» **INSTRUCTIONS FOR THE TASK**
Reproduce each record below in full, word for word, without images.

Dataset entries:
# # # #
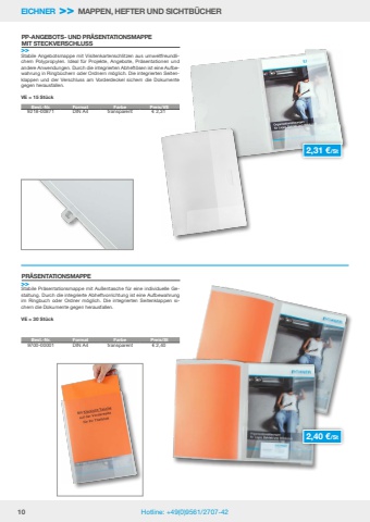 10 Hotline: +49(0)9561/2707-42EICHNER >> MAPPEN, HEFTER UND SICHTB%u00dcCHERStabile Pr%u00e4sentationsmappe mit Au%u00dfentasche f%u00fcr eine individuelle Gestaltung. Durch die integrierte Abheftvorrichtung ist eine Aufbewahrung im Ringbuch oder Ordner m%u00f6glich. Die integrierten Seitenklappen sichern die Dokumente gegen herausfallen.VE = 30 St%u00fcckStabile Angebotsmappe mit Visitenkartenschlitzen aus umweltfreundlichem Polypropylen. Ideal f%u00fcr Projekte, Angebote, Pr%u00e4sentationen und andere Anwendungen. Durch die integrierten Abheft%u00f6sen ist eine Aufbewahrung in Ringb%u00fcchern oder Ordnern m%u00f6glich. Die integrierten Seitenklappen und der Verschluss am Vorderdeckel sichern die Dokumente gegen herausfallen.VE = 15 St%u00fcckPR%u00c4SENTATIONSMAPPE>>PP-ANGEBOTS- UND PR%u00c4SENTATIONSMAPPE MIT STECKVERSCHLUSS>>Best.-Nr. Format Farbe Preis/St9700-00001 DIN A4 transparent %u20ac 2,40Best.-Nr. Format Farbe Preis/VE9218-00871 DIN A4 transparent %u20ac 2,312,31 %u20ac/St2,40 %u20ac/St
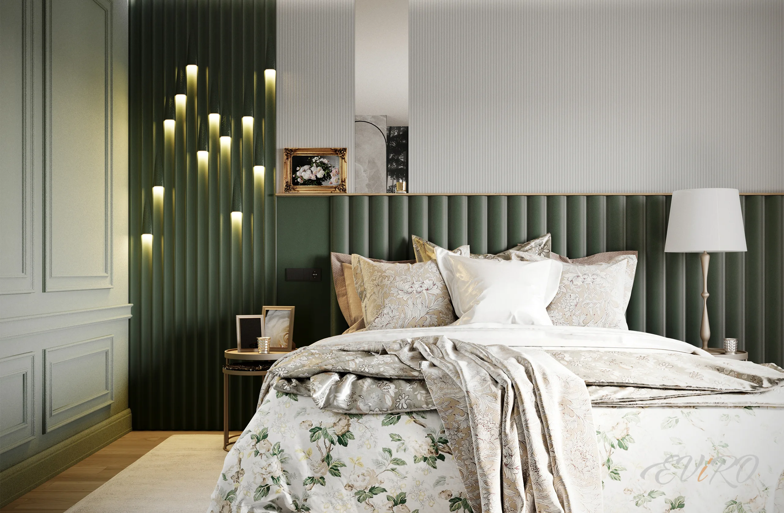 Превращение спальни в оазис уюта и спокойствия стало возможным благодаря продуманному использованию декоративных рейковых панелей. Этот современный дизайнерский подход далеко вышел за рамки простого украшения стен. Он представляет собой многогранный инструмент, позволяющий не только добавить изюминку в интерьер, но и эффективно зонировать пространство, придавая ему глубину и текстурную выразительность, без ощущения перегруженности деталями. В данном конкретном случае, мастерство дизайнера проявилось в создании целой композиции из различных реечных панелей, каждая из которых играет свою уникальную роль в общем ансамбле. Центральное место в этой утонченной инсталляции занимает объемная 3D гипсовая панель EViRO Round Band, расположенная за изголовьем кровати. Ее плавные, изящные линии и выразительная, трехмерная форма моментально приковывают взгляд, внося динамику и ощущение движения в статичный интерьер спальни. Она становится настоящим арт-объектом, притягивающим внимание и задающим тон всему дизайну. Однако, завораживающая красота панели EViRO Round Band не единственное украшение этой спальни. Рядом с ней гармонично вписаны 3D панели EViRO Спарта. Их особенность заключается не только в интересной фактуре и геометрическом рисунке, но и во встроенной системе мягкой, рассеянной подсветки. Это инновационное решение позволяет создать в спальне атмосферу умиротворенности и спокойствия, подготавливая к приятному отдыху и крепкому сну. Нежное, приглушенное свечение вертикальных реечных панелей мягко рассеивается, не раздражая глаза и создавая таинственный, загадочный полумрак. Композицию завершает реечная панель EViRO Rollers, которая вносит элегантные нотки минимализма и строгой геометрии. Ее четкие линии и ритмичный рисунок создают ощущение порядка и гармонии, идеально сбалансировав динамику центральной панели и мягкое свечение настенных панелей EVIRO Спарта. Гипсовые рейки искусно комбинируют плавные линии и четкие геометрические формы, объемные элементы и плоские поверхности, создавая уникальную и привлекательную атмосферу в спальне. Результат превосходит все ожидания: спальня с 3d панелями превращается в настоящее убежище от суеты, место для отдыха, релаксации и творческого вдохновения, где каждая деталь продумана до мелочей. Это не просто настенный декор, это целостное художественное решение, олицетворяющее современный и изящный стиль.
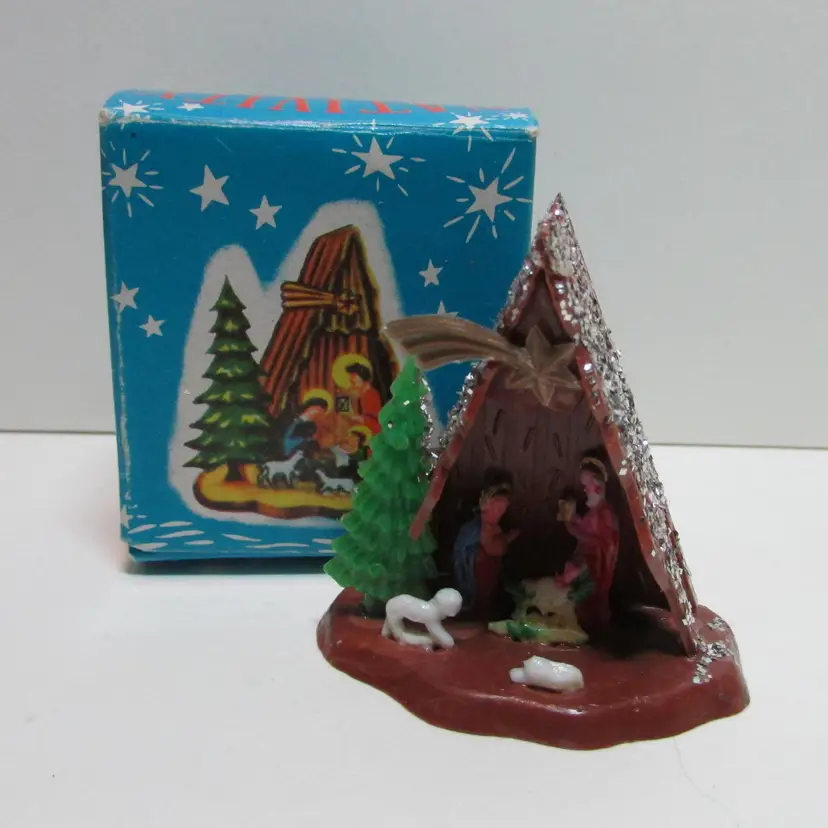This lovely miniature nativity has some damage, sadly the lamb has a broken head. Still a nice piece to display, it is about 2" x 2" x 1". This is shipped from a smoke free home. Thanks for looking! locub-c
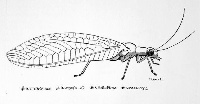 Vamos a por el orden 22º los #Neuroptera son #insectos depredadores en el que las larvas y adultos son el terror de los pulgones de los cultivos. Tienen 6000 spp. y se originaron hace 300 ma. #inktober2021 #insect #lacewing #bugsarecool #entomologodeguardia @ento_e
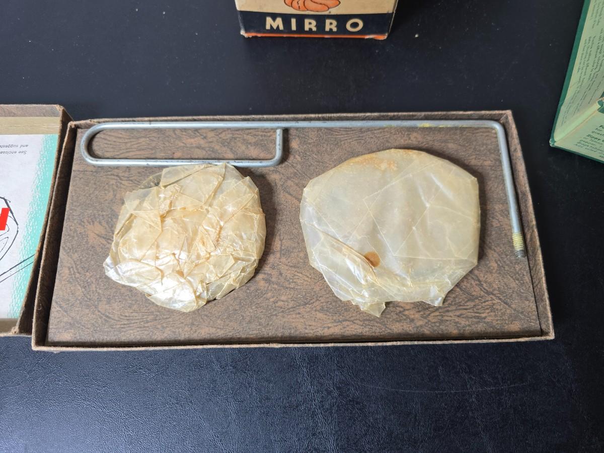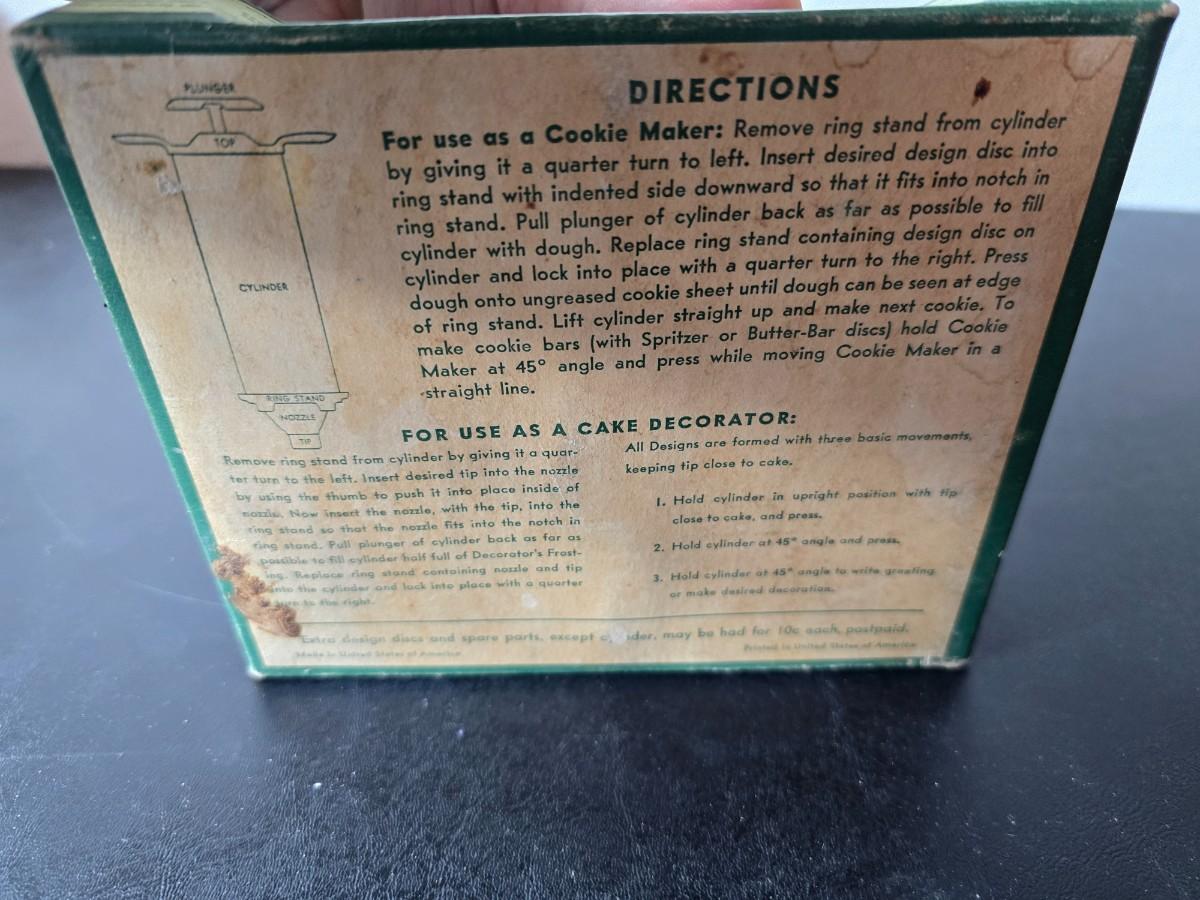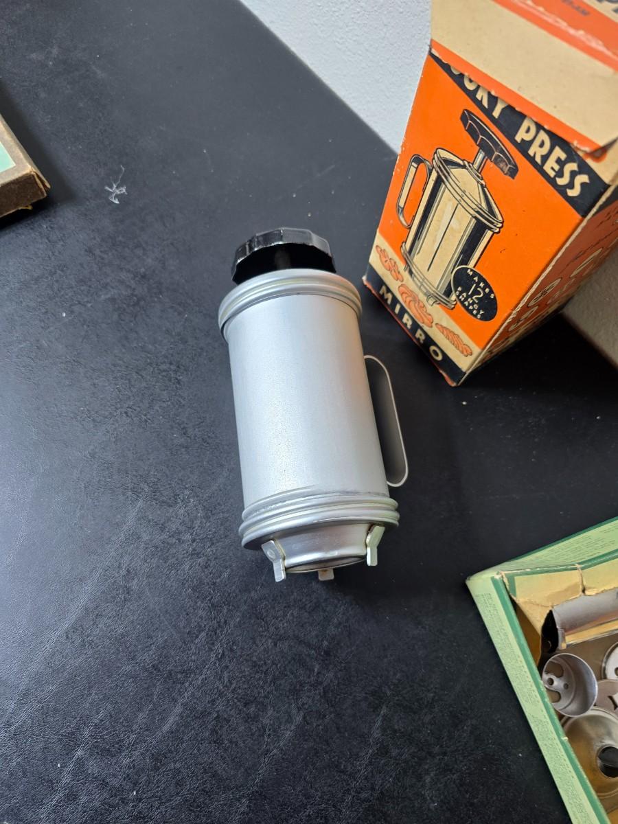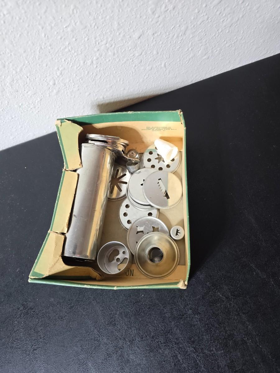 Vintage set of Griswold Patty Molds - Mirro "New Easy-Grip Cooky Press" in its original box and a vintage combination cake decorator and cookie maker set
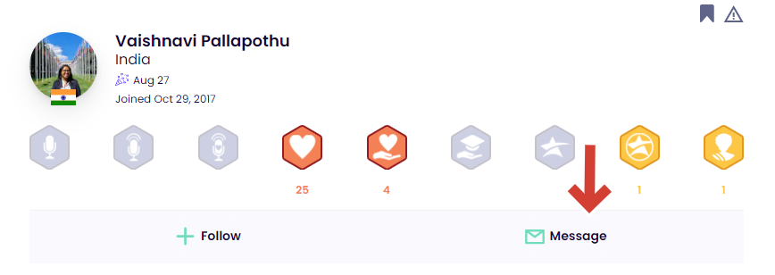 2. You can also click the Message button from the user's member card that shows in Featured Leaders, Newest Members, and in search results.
# # # #
» **TASK SOLUTION**
 10 Hotline: +49(0)9561/2707-42EICHNER >> MAPPEN, HEFTER UND SICHTB%u00dcCHERStabile Pr%u00e4sentationsmappe mit Au%u00dfentasche f%u00fcr eine individuelle Gestaltung. Durch die integrierte Abheftvorrichtung ist eine Aufbewahrung im Ringbuch oder Ordner m%u00f6glich. Die integrierten Seitenklappen sichern die Dokumente gegen herausfallen.VE = 30 St%u00fcckStabile Angebotsmappe mit Visitenkartenschlitzen aus umweltfreundlichem Polypropylen. Ideal f%u00fcr Projekte, Angebote, Pr%u00e4sentationen und andere Anwendungen. Durch die integrierten Abheft%u00f6sen ist eine Aufbewahrung in Ringb%u00fcchern oder Ordnern m%u00f6glich. Die integrierten Seitenklappen und der Verschluss am Vorderdeckel sichern die Dokumente gegen herausfallen.VE = 15 St%u00fcckPR%u00c4SENTATIONSMAPPE>>PP-ANGEBOTS- UND PR%u00c4SENTATIONSMAPPE MIT STECKVERSCHLUSS>>Best.-Nr. Format Farbe Preis/St9700-00001 DIN A4 transparent %u20ac 2,40Best.-Nr. Format Farbe Preis/VE9218-00871 DIN A4 transparent %u20ac 2,312,31 %u20ac/St2,40 %u20ac/St
 Превращение спальни в оазис уюта и спокойствия стало возможным благодаря продуманному использованию декоративных рейковых панелей. Этот современный дизайнерский подход далеко вышел за рамки простого украшения стен. Он представляет собой многогранный инструмент, позволяющий не только добавить изюминку в интерьер, но и эффективно зонировать пространство, придавая ему глубину и текстурную выразительность, без ощущения перегруженности деталями. В данном конкретном случае, мастерство дизайнера проявилось в создании целой композиции из различных реечных панелей, каждая из которых играет свою уникальную роль в общем ансамбле. Центральное место в этой утонченной инсталляции занимает объемная 3D гипсовая панель EViRO Round Band, расположенная за изголовьем кровати. Ее плавные, изящные линии и выразительная, трехмерная форма моментально приковывают взгляд, внося динамику и ощущение движения в статичный интерьер спальни. Она становится настоящим арт-объектом, притягивающим внимание и задающим тон всему дизайну. Однако, завораживающая красота панели EViRO Round Band не единственное украшение этой спальни. Рядом с ней гармонично вписаны 3D панели EViRO Спарта. Их особенность заключается не только в интересной фактуре и геометрическом рисунке, но и во встроенной системе мягкой, рассеянной подсветки. Это инновационное решение позволяет создать в спальне атмосферу умиротворенности и спокойствия, подготавливая к приятному отдыху и крепкому сну. Нежное, приглушенное свечение вертикальных реечных панелей мягко рассеивается, не раздражая глаза и создавая таинственный, загадочный полумрак. Композицию завершает реечная панель EViRO Rollers, которая вносит элегантные нотки минимализма и строгой геометрии. Ее четкие линии и ритмичный рисунок создают ощущение порядка и гармонии, идеально сбалансировав динамику центральной панели и мягкое свечение настенных панелей EVIRO Спарта. Гипсовые рейки искусно комбинируют плавные линии и четкие геометрические формы, объемные элементы и плоские поверхности, создавая уникальную и привлекательную атмосферу в спальне. Результат превосходит все ожидания: спальня с 3d панелями превращается в настоящее убежище от суеты, место для отдыха, релаксации и творческого вдохновения, где каждая деталь продумана до мелочей. Это не просто настенный декор, это целостное художественное решение, олицетворяющее современный и изящный стиль.
This lovely miniature nativity has some damage, sadly the lamb has a broken head. Still a nice piece to display, it is about 2" x 2" x 1". This is shipped from a smoke free home. Thanks for looking! locub-c
 Vamos a por el orden 22º los #Neuroptera son #insectos depredadores en el que las larvas y adultos son el terror de los pulgones de los cultivos. Tienen 6000 spp. y se originaron hace 300 ma. #inktober2021 #insect #lacewing #bugsarecool #entomologodeguardia @ento_e
 Vintage set of Griswold Patty Molds - Mirro "New Easy-Grip Cooky Press" in its original box and a vintage combination cake decorator and cookie maker set
 2. You can also click the Message button from the user's member card that shows in Featured Leaders, Newest Members, and in search results.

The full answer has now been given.